Before provisioning a data landing zone, you should have your DevOps and CI/CD operating model in place and a data management landing zone deployed.

A data landing zone has several layers to enable agility to service data integrations and data products within it. You can deploy a new data landing zone with a standard set of services to enable the data landing zone to start ingesting and analyzing data.

The Azure subscription associated with the data landing zone is structured as follows:

Layer Required Resource groups
Core services Yes
Data integration Yes
Data products Optional
Visualization Optional

Data landing zone architecture

The architecture of the data landing zone illustrates the layers, their respective resource groups, and services that are contained within each resource group. It also provides an overview of the groups and roles associated with the data landing zone and the extent of their access to the control and data planes.

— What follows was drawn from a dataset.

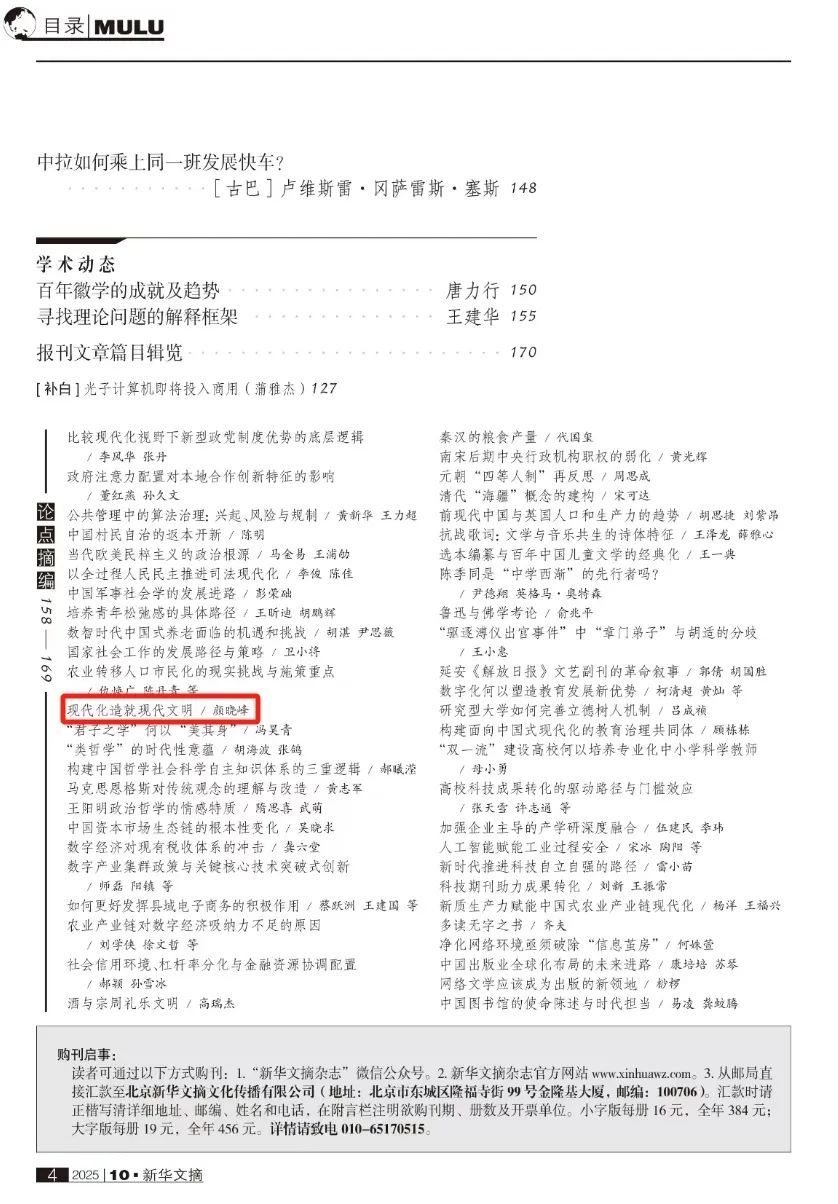 近日,《新华文摘》2025年第10期论点摘编了天津大学马克思主义学院院长颜晓峰发表于《天津大学学报(社会科学版)》2025年第1期的文章《在进一步全面深化改革中发展中国式现代化的文明形态》。

Diagram of the data landing zone architecture.

Tip

Before getting started with deploying a data landing zone, it's highly recommended that you first consider the number of initial data landing zones you want to deploy.

Core services layer

Included are all the required services to enable the data landing zone within the context of enterprise-scale for analytics. The following resource groups form the suite of standard services available in every data landing zone that is deployed:

  • Networking
  • Monitoring
  • Data lake services
  • Metadata services
  • Ingest and processing
  • Upload ingest storage
  • Shared integration
  • Shared products

Network

Diagram of a data landing zone network resource group.

The network resource group, contains core enterprise components such as network security groups (NSG), Azure Network Watcher, and virtual network. All of these services are deployed into a single resource group. As part of the deployment, the virtual network of a data landing zone is automatically peered with the data management landing zone's VNet and the connectivity subscription's VNet.

Monitoring

Diagram of data landing zone monitoring resource group.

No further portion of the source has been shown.